In this paper, we present strategies for reformulating continuous production scheduling MILP models. We introduce several novel integer variables, which we refer to as record keeping variables (RKVs), that MILP solvers are able to exploit leading to a reduction in total solution times. RKVs are incorporated into the model by setting them equal to some summation of binary variables. In continuous process scheduling models, there are two main binary variables: Xi,j,n, which denotes a task i is processed on unit j at time n and YSi,j,n, which denotes a run of task i is started on unit j at time n; runs are a string of consecutive task executions. One example of an RKV is NYi,j= ∑n∈N YSi,j,n ∀ i∈I, j∈J, which essentially keeps a record of the number of runs of task i that are processed on unit j over all time periods n. NYi,j is bounded from zero to the maximum number of times a run can be executed during the scheduling horizon. Other RKVs can be implemented based on the total number of tasks i that are executed, the total number of times a unit j is utilized to process a task, and the total number of time periods n that tasks are executed during. There are 10 RKVs that can be created; five are based on the Xi,j,n binary variable, and five based on the YSi,j,n binary variable.

Results were collected using each RKV individually as well as in combination with other RKVs in order to observe computational performance changes. Overall, models with RKVs based on YSi,j,n perform better than the models using RKVs based on Xi,j,n. We observe that NYi was the most impactful, and the formulation that included NYi alone solved about 40% of the instances the fastest. The superscript “Y” denotes that it is keeping record of the YSi,j,n binary variable since there are also RKVs with the superscript “X” that keep a record of the Xi,j,n binary variable. The subscript “i” denotes that it is written for every task i because it keeps record of the total number of runs of i processed over all units and time periods. There are other RKVs that are written for every unit j, every time point n, or a combination of these indices.

While implementing these RKVs into a model may seem trivial, their implementation leads to dramatic computational improvements.

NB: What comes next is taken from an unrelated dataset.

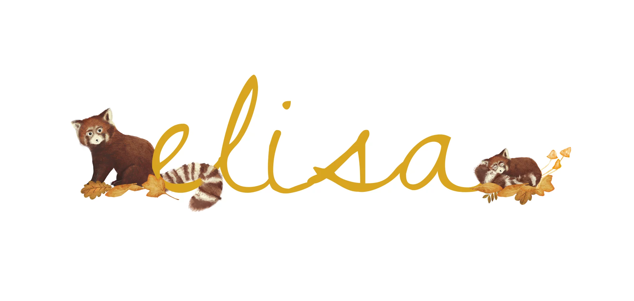 Lief geboortekaartje Elisa met een rode panda baby en ouder en mooie gele en roodbruine herfstblaadjes. Vervang de blaadjes en de kleuren en maak er een heel eigen kaartje van.
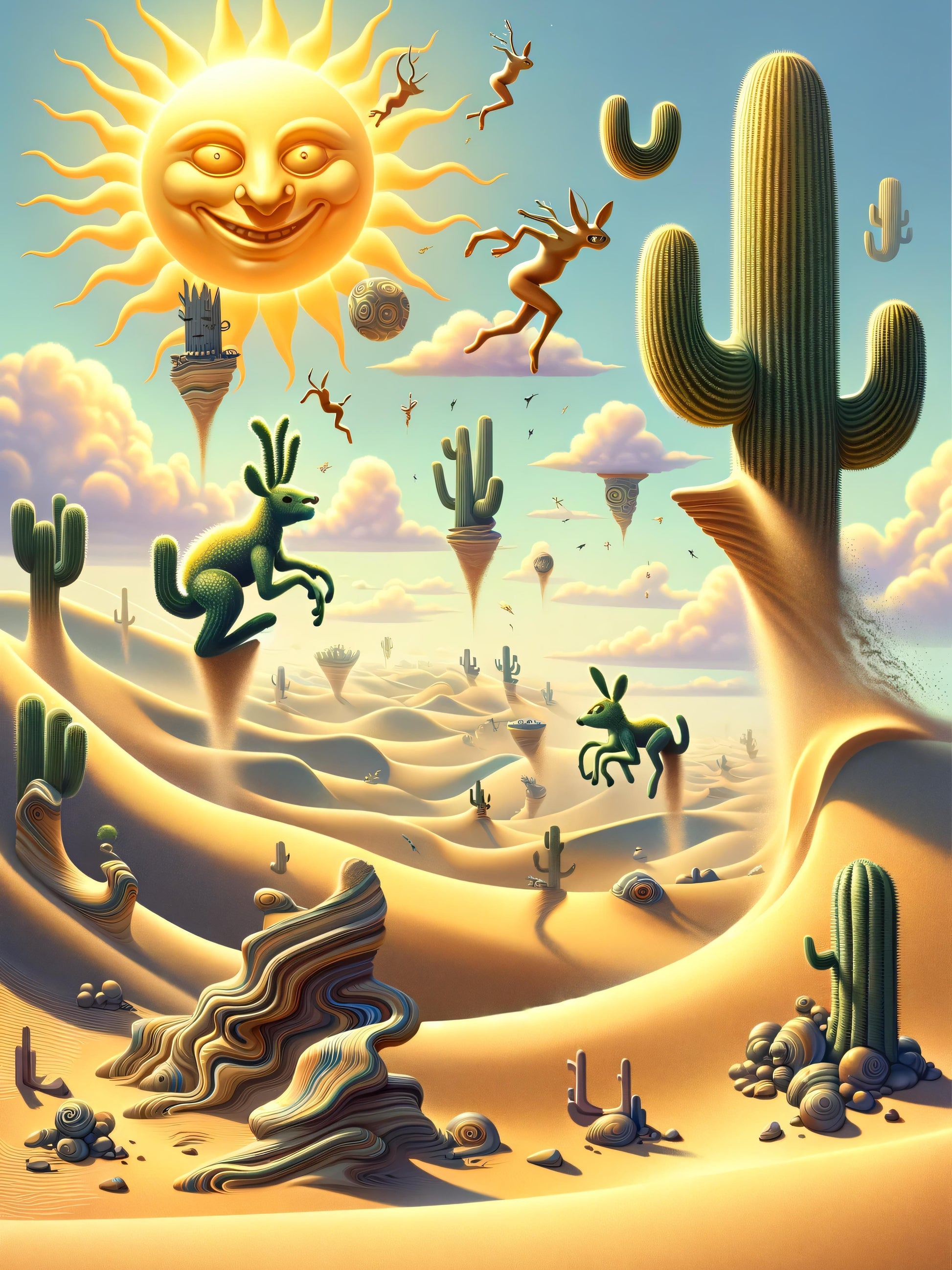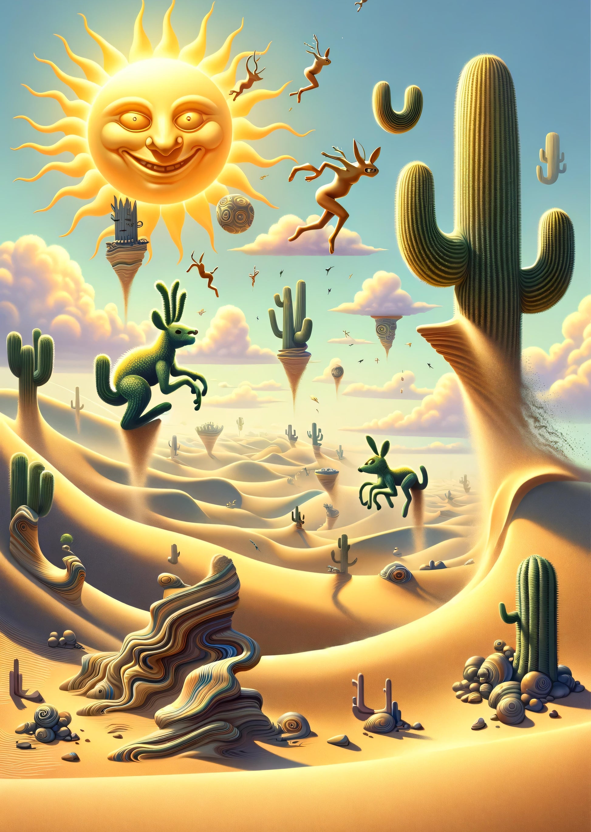 In a sunlit land where giant cacti reach for the sky and the sun beams with a human-like grin, magical creatures leap from one plant to another. The sky dances with strange artifacts, from flying contraptions to floating rocks with faces. Amidst the dance, snail shells spiral like lost dreams on the dusty ground. This place, a canvas of wonder, reminds us that nature and imagination blend, showing us life's limitless potential and the joy of the unexpected. Here, the ordinary is extraordinary, and even the ground flows like the waves of an amber ocean, telling us that reality is not always what it seems, and adventure awaits for those who look with curious eyes.

One possible explanation for these results is that by branching on NYi, the solver is able to bound the number of runs of each task, thus efficiently eliminating suboptimal or infeasible schedules and closing the optimality gap more quickly. It is also worth noting that this reformulation technique is not limited to only continuous CPS models; it can also be extended to various other types of MILP models that utilize integer variables.

References:

[1] S. Velez and C. T. Maravelias, 2013, Reformulations and branching methods for mixed-integer programming chemical production scheduling models, Industrial and Engineering Chemistry Research 52, 10, 3832–3841.